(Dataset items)
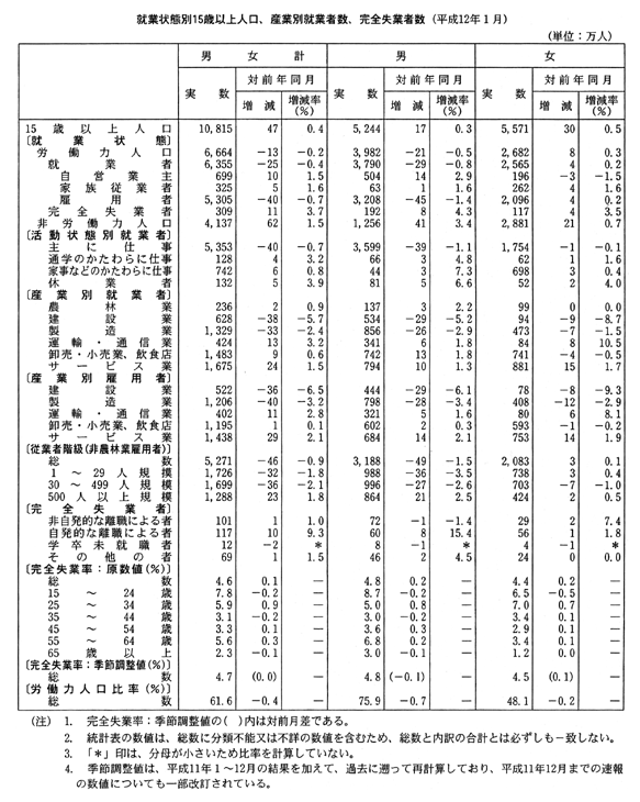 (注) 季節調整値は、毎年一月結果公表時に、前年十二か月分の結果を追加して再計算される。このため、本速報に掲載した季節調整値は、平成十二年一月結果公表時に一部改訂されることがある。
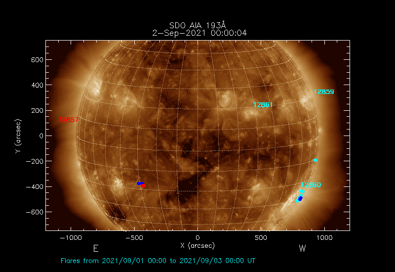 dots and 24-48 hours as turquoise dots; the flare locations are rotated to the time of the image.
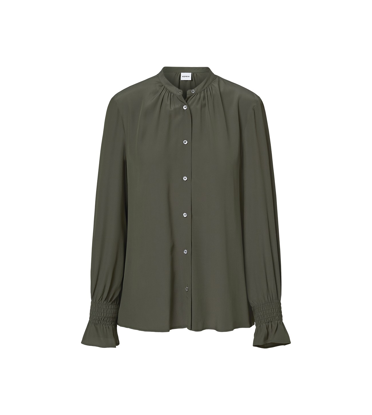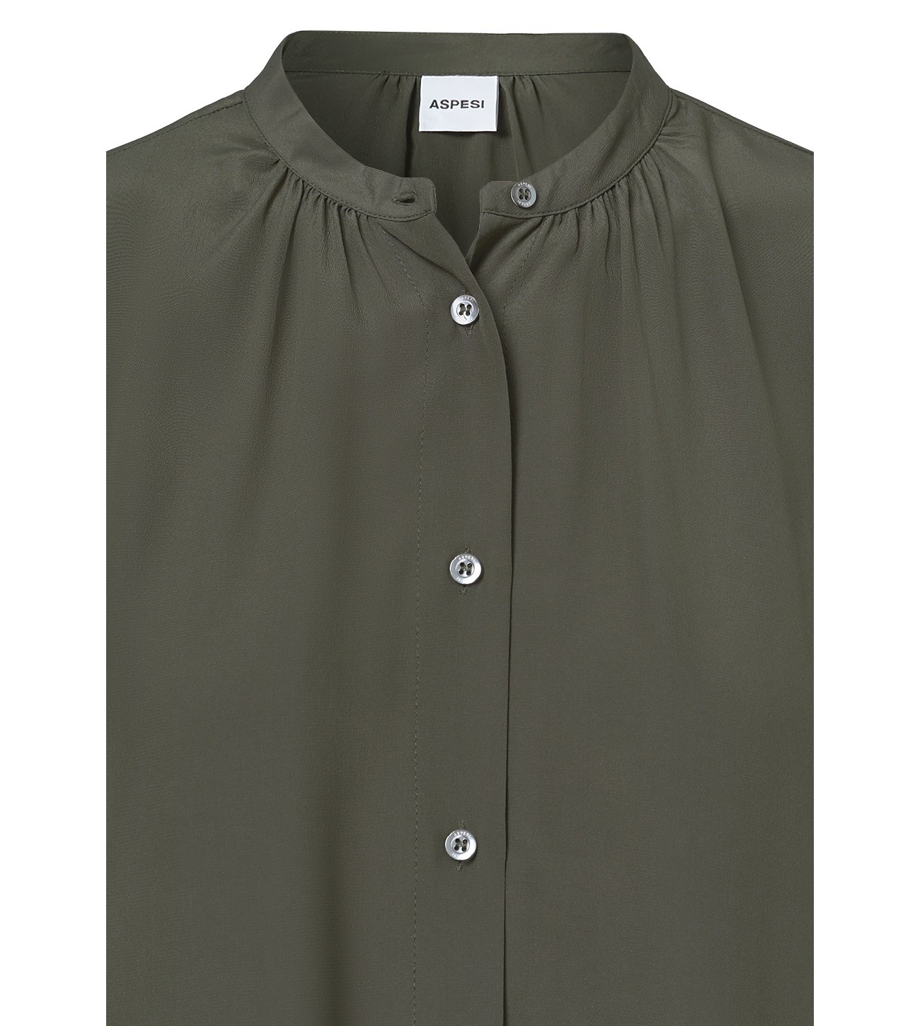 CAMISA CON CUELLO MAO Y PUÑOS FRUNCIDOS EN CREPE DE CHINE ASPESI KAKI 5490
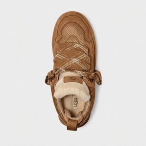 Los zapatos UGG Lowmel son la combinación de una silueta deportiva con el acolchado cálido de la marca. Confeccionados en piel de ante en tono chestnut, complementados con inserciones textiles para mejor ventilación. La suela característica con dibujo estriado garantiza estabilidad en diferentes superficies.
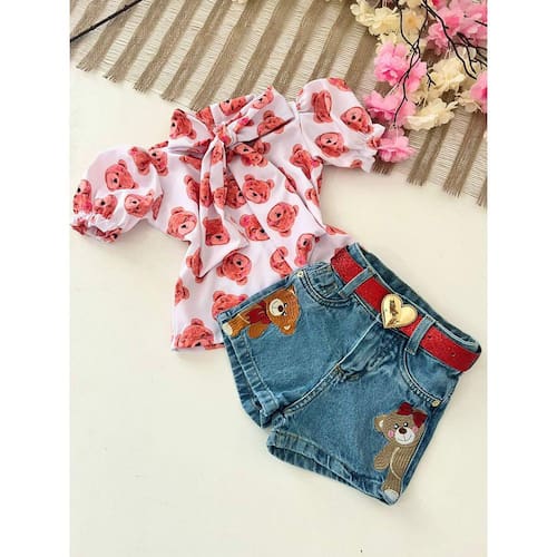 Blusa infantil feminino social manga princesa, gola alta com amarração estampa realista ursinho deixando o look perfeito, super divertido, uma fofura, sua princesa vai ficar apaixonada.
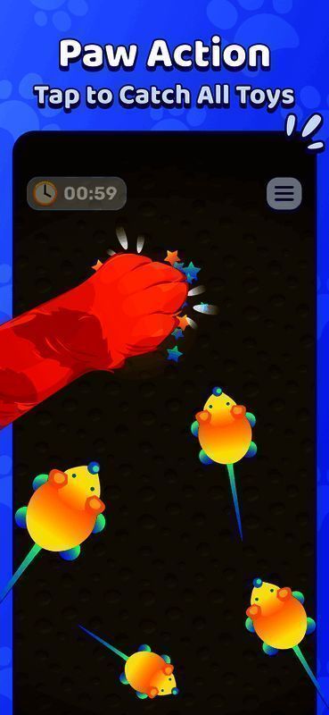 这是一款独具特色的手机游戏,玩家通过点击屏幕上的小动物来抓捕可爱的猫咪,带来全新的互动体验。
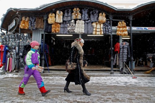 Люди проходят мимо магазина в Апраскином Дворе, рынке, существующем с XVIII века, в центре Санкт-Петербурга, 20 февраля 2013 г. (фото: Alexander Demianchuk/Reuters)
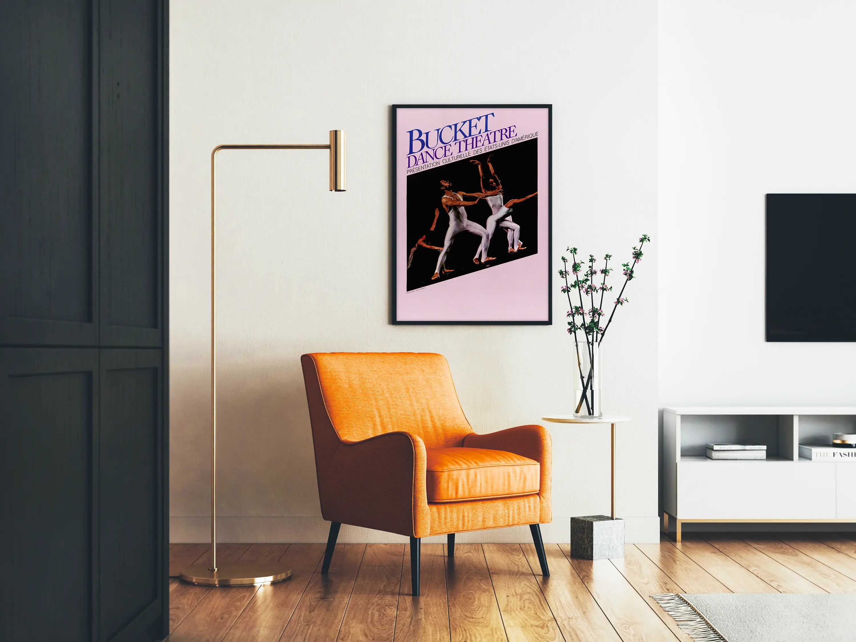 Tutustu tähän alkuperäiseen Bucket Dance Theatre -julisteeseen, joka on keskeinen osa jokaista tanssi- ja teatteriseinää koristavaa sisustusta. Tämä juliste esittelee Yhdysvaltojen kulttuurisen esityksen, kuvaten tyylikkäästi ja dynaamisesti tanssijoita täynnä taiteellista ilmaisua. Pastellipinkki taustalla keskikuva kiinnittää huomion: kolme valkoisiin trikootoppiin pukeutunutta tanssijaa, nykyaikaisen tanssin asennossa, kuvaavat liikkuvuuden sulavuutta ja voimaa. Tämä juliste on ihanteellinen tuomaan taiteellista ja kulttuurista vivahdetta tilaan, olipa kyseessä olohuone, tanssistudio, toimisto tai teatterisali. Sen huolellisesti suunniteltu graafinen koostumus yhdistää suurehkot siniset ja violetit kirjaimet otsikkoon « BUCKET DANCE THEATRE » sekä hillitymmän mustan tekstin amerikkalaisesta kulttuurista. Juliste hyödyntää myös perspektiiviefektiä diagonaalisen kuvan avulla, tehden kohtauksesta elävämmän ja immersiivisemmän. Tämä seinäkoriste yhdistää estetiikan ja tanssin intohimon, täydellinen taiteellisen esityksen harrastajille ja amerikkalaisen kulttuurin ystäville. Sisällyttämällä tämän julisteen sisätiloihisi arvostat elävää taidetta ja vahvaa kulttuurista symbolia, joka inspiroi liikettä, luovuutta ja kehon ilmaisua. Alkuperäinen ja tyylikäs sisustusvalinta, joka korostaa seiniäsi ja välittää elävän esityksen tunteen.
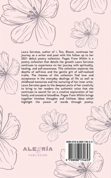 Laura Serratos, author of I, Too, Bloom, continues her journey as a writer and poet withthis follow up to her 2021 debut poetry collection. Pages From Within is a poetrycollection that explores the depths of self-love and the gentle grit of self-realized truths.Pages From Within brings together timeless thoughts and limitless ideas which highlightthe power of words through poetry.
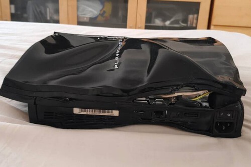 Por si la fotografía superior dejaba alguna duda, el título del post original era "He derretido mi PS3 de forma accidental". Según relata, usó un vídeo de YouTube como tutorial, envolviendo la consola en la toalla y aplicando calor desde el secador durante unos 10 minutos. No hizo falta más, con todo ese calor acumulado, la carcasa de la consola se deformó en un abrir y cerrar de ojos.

---

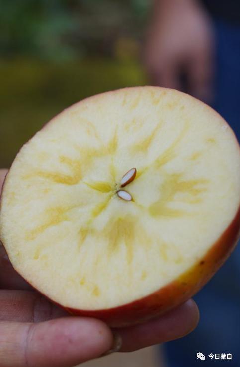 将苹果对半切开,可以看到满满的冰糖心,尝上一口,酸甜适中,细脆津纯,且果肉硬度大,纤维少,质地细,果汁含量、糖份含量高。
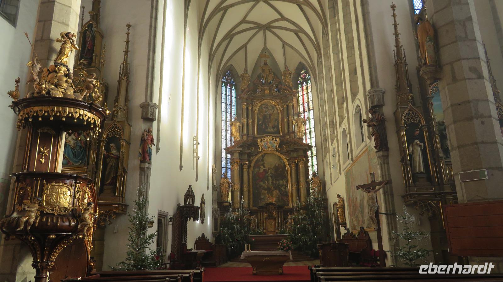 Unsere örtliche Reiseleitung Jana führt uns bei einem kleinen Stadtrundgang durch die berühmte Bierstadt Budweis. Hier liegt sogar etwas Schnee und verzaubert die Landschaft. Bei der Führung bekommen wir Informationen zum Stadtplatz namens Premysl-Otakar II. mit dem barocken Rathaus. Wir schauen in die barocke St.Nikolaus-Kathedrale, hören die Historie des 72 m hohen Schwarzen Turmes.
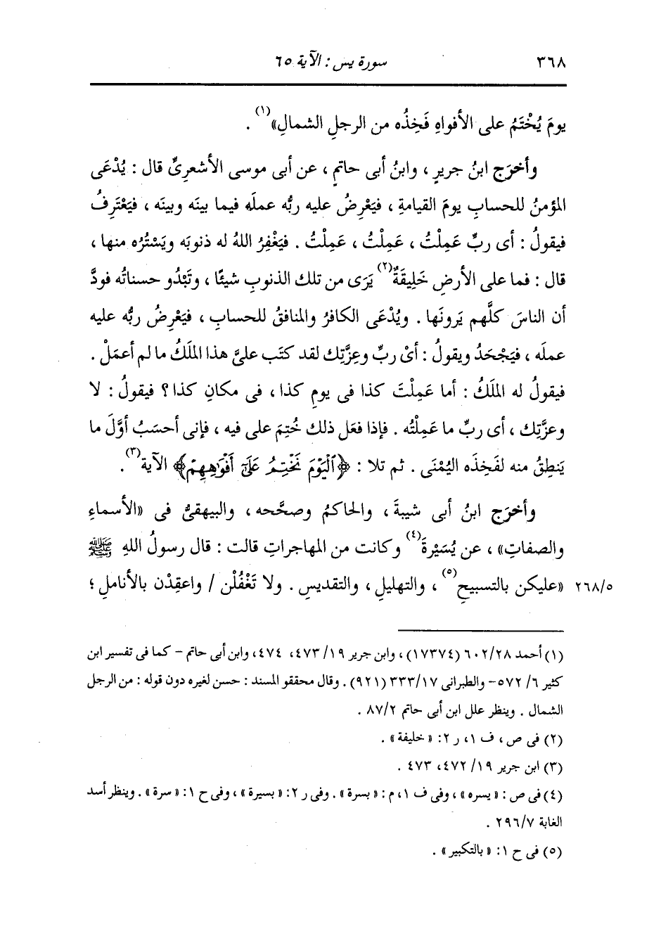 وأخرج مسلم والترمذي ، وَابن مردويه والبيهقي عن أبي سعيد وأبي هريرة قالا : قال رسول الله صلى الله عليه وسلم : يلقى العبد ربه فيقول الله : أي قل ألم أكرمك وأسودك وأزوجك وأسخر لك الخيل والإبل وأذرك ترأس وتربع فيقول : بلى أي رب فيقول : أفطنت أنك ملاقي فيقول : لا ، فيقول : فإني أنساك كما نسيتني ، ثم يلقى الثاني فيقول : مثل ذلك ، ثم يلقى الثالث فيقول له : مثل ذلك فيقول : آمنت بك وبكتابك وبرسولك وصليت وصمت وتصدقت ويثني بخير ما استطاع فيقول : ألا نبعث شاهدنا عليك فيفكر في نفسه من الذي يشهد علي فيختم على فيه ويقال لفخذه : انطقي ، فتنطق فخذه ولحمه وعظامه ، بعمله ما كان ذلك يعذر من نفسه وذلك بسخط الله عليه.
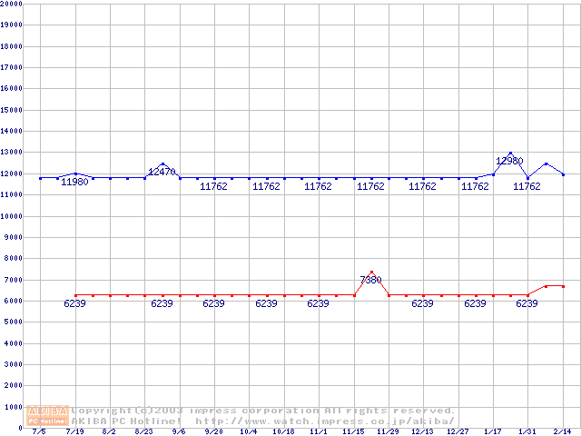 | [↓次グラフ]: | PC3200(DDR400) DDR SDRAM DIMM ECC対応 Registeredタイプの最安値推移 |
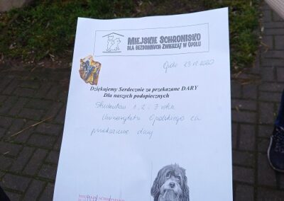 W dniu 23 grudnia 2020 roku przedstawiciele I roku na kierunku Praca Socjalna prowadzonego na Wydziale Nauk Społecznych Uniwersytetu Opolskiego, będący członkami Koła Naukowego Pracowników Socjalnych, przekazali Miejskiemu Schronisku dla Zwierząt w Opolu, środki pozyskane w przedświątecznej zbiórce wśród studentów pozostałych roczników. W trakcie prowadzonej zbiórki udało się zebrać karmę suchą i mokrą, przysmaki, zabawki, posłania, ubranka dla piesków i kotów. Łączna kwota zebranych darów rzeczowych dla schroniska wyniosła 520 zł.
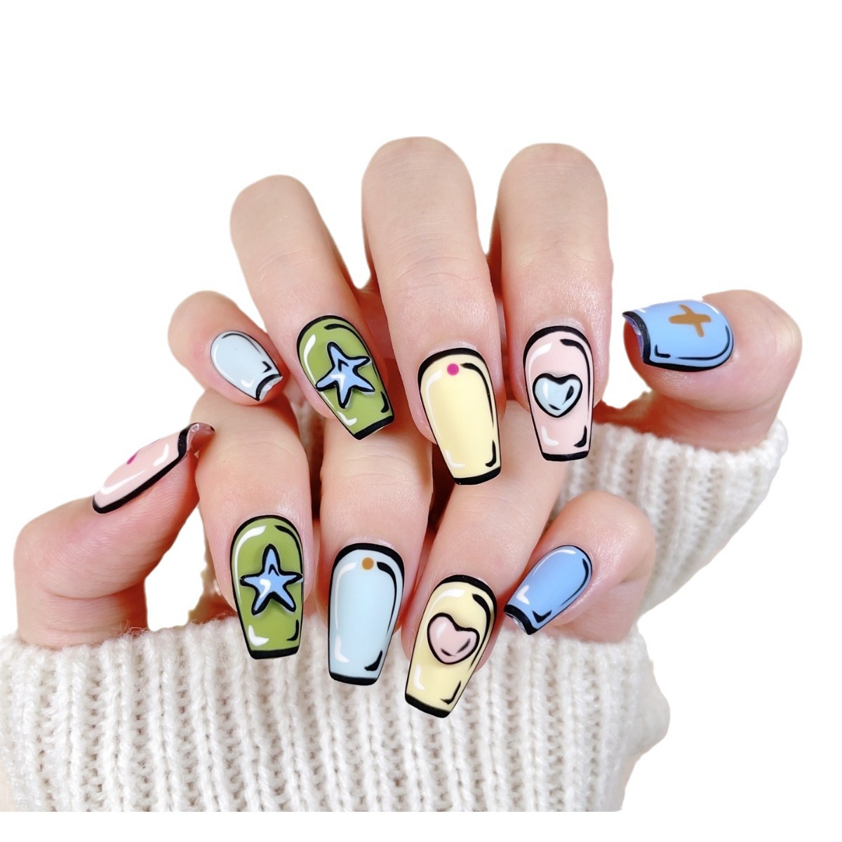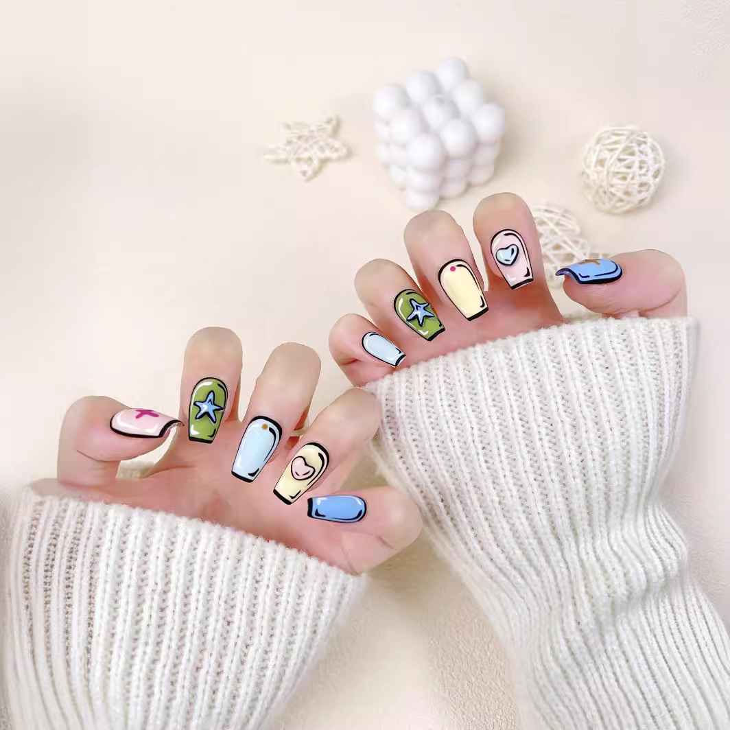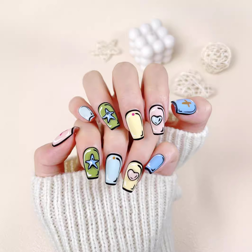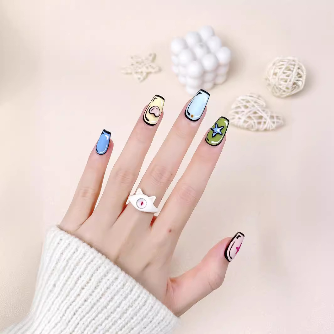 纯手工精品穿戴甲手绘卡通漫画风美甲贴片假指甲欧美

...

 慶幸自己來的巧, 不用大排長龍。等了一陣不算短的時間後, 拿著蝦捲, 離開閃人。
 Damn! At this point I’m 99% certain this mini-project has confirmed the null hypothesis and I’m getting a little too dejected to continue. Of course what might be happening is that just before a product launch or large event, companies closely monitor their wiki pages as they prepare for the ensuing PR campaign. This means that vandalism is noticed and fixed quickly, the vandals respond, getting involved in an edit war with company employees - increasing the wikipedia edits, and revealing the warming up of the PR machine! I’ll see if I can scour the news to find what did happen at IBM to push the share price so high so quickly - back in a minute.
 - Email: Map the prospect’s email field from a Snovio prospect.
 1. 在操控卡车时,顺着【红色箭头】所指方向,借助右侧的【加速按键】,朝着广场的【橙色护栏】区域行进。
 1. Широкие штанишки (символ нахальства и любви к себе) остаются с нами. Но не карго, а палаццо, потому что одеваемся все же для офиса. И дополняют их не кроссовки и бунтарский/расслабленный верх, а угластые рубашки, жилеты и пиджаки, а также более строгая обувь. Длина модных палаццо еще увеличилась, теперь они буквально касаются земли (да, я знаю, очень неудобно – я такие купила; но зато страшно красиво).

Task to carry out :: Of all the entries above, repeat only the lines from the line that has "慶幸自己來的巧, 不用大排長龍。等了一陣不算短的時間後, 拿著蝦捲, 離開閃人。" to the line that has "1. 在操控卡车时,顺着【红", both lines included, exactly.

Written answer ::
 慶幸自己來的巧, 不用大排長龍。等了一陣不算短的時間後, 拿著蝦捲, 離開閃人。
 Damn! At this point I’m 99% certain this mini-project has confirmed the null hypothesis and I’m getting a little too dejected to continue. Of course what might be happening is that just before a product launch or large event, companies closely monitor their wiki pages as they prepare for the ensuing PR campaign. This means that vandalism is noticed and fixed quickly, the vandals respond, getting involved in an edit war with company employees - increasing the wikipedia edits, and revealing the warming up of the PR machine! I’ll see if I can scour the news to find what did happen at IBM to push the share price so high so quickly - back in a minute.
 - Email: Map the prospect’s email field from a Snovio prospect.
 1. 在操控卡车时,顺着【红色箭头】所指方向,借助右侧的【加速按键】,朝着广场的【橙色护栏】区域行进。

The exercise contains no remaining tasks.